* [TO DO]: Give back the data below word for word. Any image in it should be left out.

Records from a collection
····················

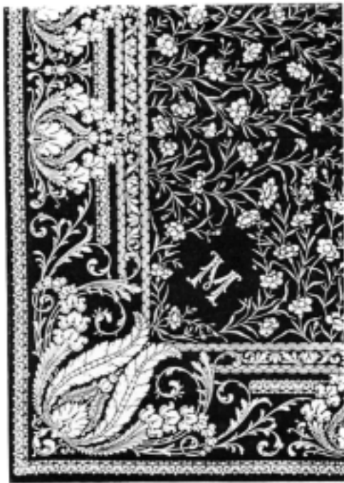
THE INITIAL TABLE DAMASK.

A CURIOUS souvenir of the Diamond Jubilee, which also serves as an example of the technical development of flax-weaving, was
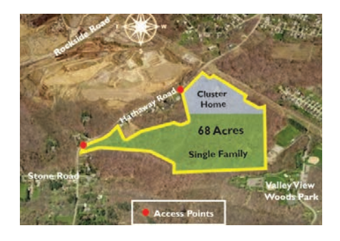
Hathaway Road Valley View, Ohio

139,130 SF Industrial Lease Tenant Representation
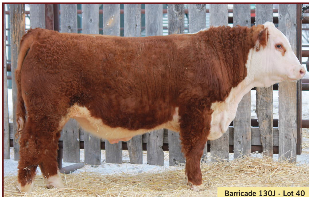
Barricade 130J - Lot 40
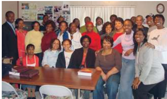
Twenty-one students were assembled at The Voice in the Wilderness for training to use the health message as God intended it to be used.

The training is organized to run as a 12-month program, where classes are held one weekend per month for 12 consecutive months. Classes include anatomy and physiology, gardening, canning, greenhouse—how to grow your own organic food at home, screening/blood analysis, nutrition/vegetarian cooking, herbology—studying of herbs and their use in the prevention and treatment of diseases, reading assignments, participating in a 10-day cleanse program, an internship at the wilderness, body/mind/spirit relationship training, home remedies, hydrotherapy, and more. To qualify, one has to have a personal relationship with Jesus Christ, have a burning desire to see others saved, and have a God-given passion for becoming a trained medical missionary.
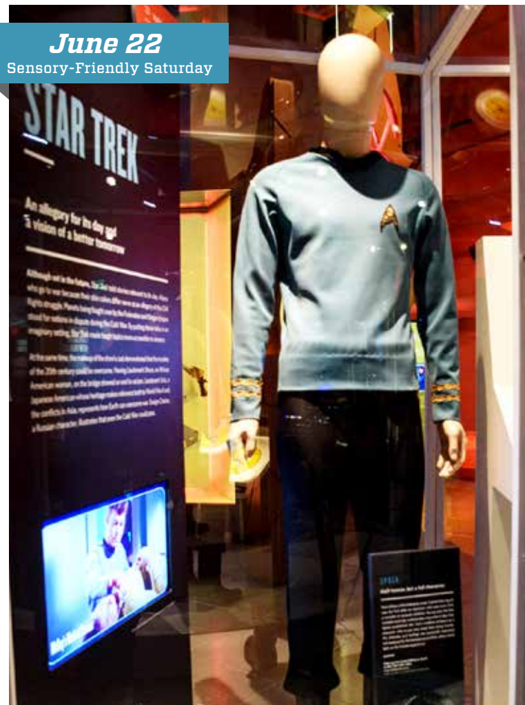
June 22 Sensory-Friendly Saturday Star Trek: Exploring New Worlds at Henry Ford Museum of American Innovation™
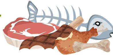
Meat, fish, seafood, bones (raw and cooked)

····················

* [EXERCISE RESPONSE]:
THE INITIAL TABLE DAMASK.

A CURIOUS souvenir of the Diamond Jubilee, which also serves as an example of the technical development of flax-weaving, was
Hathaway Road Valley View, Ohio

139,130 SF Industrial Lease Tenant Representation
Barricade 130J - Lot 40
Twenty-one students were assembled at The Voice in the Wilderness for training to use the health message as God intended it to be used.

The training is organized to run as a 12-month program, where classes are held one weekend per month for 12 consecutive months. Classes include anatomy and physiology, gardening, canning, greenhouse—how to grow your own organic food at home, screening/blood analysis, nutrition/vegetarian cooking, herbology—studying of herbs and their use in the prevention and treatment of diseases, reading assignments, participating in a 10-day cleanse program, an internship at the wilderness, body/mind/spirit relationship training, home remedies, hydrotherapy, and more. To qualify, one has to have a personal relationship with Jesus Christ, have a burning desire to see others saved, and have a God-given passion for becoming a trained medical missionary.
June 22 Sensory-Friendly Saturday Star Trek: Exploring New Worlds at Henry Ford Museum of American Innovation™
Meat, fish, seafood, bones (raw and cooked)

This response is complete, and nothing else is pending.